Analysis: Why a 'Bombshell' NYT Story About the Mueller Probe Actually Looks Relatively Exculpatory for Trump

Posted: Aug 20, 2018 10:25 AM
Analysis: Why a 'Bombshell' NYT Story About the Mueller Probe Actually Looks Relatively Exculpatory for Trump

Let's begin with a few important caveats: First, in the broad scheme of Robert Mueller's Russia probe, nobody beyond his tight-lipped team has a good sense of what evidence the special counsel does -- or does not -- have.  That's why virtually all of the commentary about Mueller's work is conjecture, including some of what I'll offer below. It's also why any grand pronouncements of certitude about what the forthcoming Manafort verdicts may augur should be viewed skeptically.  

Second, this analysis is not meant to suggest that a blockbuster New York Times story published over the weekend is an unvarnished positive for President Trump.  It's not.  For instance, the very fact that White House Counsel Don McGahn was reportedly worried that Trump and his personal attorneys may have been setting him up to be a fall guy speaks to an atmosphere of paranoia, mistrust and dysfunction at the highest echelons of this administration.  Between that revelation, the fear and loathing over perhaps hundreds of Omarosa's clandestine recordings, and a pattern of vengeful leaking, it's safe to say that this White House's culture is deeply unhealthy.  

With that context in place, somewhat lost in all the social media oohing and ahhing from journalists and politicos when the Times first published this article online Saturday afternoon were two crucial passages that appear to contain favorable news for the president and his defenders.  Before we get to those, here are the first few sentences of the lengthy story, which is headlined, "White House Counsel, Don McGahn, Has Cooperated Extensively in Mueller Inquiry:"

The White House counsel, Donald F. McGahn II, has cooperated extensively in the special counsel investigation, sharing detailed accounts about the episodes at the heart of the inquiry into whether President Trump obstructed justice, including some that investigators would not have learned of otherwise, according to a dozen current and former White House officials and others briefed on the matter. In at least three voluntary interviews with investigators that totaled 30 hours over the past nine months, Mr. McGahn described the president’s fury toward the Russia investigation and the ways in which he urged Mr. McGahn to respond to it.

He provided the investigators examining whether Mr. Trump obstructed justice a clear view of the president’s most intimate moments with his lawyer. Among them were Mr. Trump’s comments and actions during the firing of the F.B.I. director, James B. Comey, and Mr. Trump’s obsession with putting a loyalist in charge of the inquiry, including his repeated urging of Attorney General Jeff Sessions to claim oversight of it. Mr. McGahn was also centrally involved in Mr. Trump’s attempts to fire the special counsel, Robert S. Mueller III, which investigators might not have discovered without him. For a lawyer to share so much with investigators scrutinizing his client is unusual.

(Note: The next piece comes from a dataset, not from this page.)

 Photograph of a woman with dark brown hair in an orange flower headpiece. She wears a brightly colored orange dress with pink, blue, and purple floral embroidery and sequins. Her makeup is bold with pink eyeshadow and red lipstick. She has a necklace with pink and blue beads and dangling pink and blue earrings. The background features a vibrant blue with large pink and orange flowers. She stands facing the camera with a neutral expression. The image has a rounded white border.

It's not hard to see why this piece was met with widespread astonishment. But many people who apparently stopped reading after the headline and lede seem to have wrongly concluded that this is a bombshell story about Trump's top White House lawyer secretly turning on the president -- a move that could conceivably bring down the administration. That misconception brings us to the aforementioned nuggets that are revealed deeper into the story, including this ninth paragraph detail:

In fact, Mr. McGahn laid out how Mr. Trump tried to ensure control of the investigation, giving investigators a mix of information both potentially damaging and favorable to the president. Mr. McGahn cautioned to investigators that he never saw Mr. Trump go beyond his legal authorities, though the limits of executive power are murky. Mr. McGahn’s role as a cooperating witness further strains his already complicated relationship with the president. Though Mr. Trump has fought with Mr. McGahn as much as with any of his top aides, White House advisers have said, both men have benefited significantly from their partnership.

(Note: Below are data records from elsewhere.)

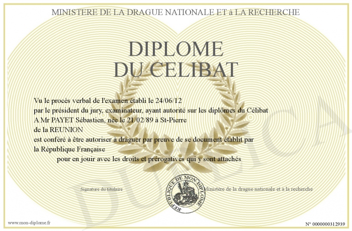 Envoyez par email votre Diplôme du Célibat personalisé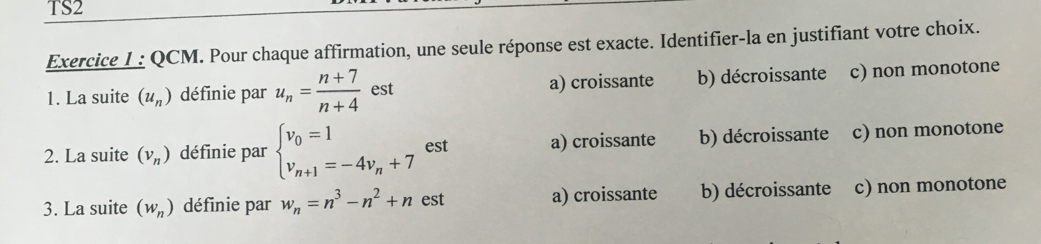 bonjour, v1 = 3, v2= 0, v3 = 7 donc la suite est croissante et décroissante soit monotone ?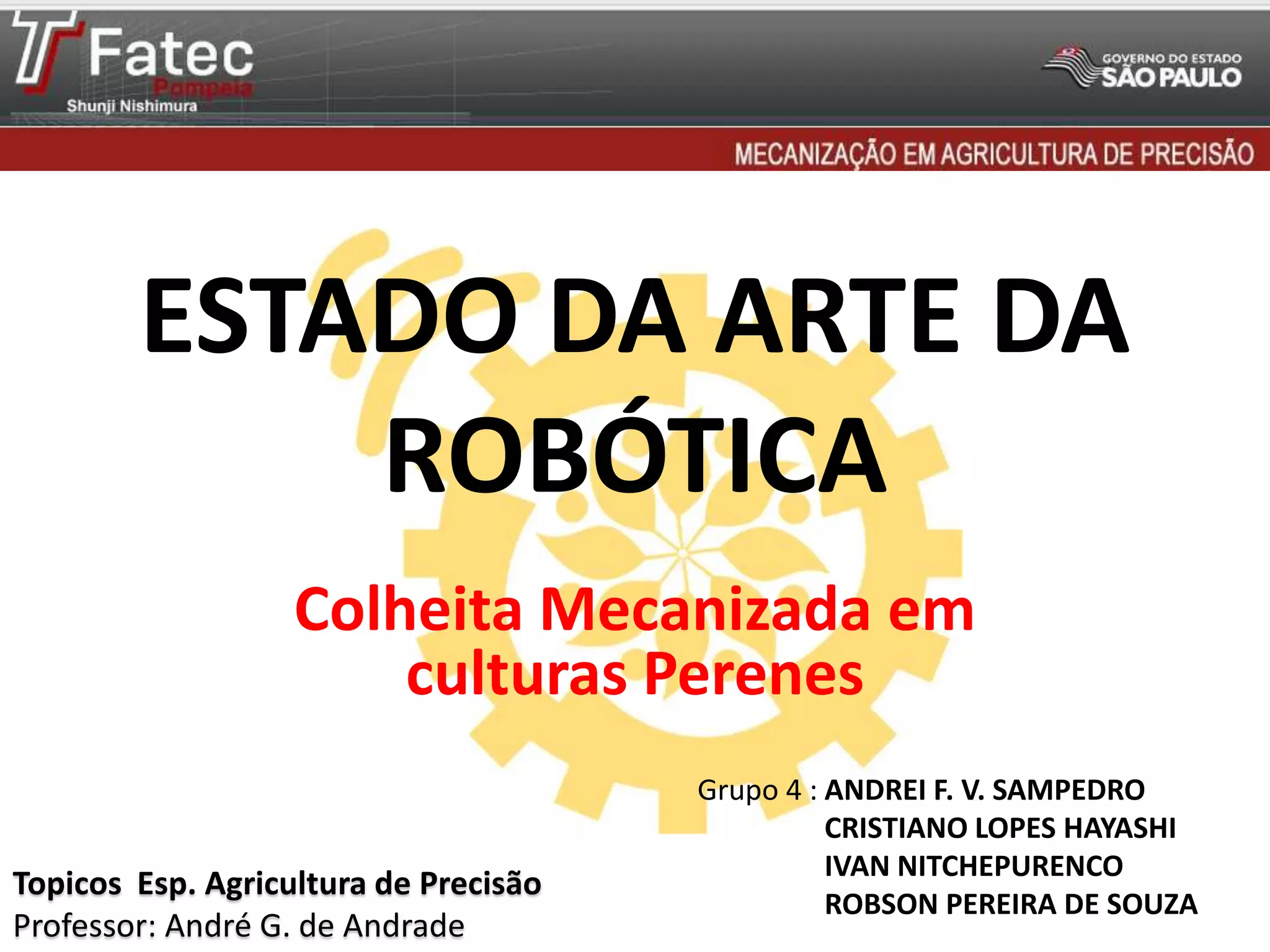 Fonte: Palestra Medição da Superfície Foliar de olivas em veículos autônomo em todo Terreno

The information McGahn shared with Mueller included testimony that was both "potentially and favorable" to Trump; plus -- and this is no small thing -- he asserted that he never saw the president exceed his legal authority.  In other words, as relayed over the course 30 hours of wide-ranging interviews with the special counsel, the most senior White House lawyer (who was present for all sorts of highly sensitive private discussions, presumably including a healthy dose of Trumpian candor) attests that he never witnessed a single instance of Trump straying beyond the legitimate powers of his office. As for the third sentence in the excerpt immediately above, a legal pal on Twitter points out that the article really makes the case that McGahn is a cooperative witness, not a "cooperating witness" as that term is often understood.  Significant difference.  Then there's this extremely relevant fact, which appears near the story's 30th paragraph:

Last fall, Mr. Mueller’s office asked to interview Mr. McGahn. To the surprise of the White House Counsel’s Office, Mr. Trump and his lawyers signaled that they had no objection, without knowing the extent of what Mr. McGahn was going to tell investigators. Mr. McGahn was stunned, as was Mr. Burck, whom he had recently hired out of concern that he needed help to stay out of legal jeopardy, according to people close to Mr. McGahn. Mr. Burck has explained to others that he told White House advisers that they did not appreciate the president’s legal exposure and that it was “insane” that Mr. Trump did not fight a McGahn interview in court.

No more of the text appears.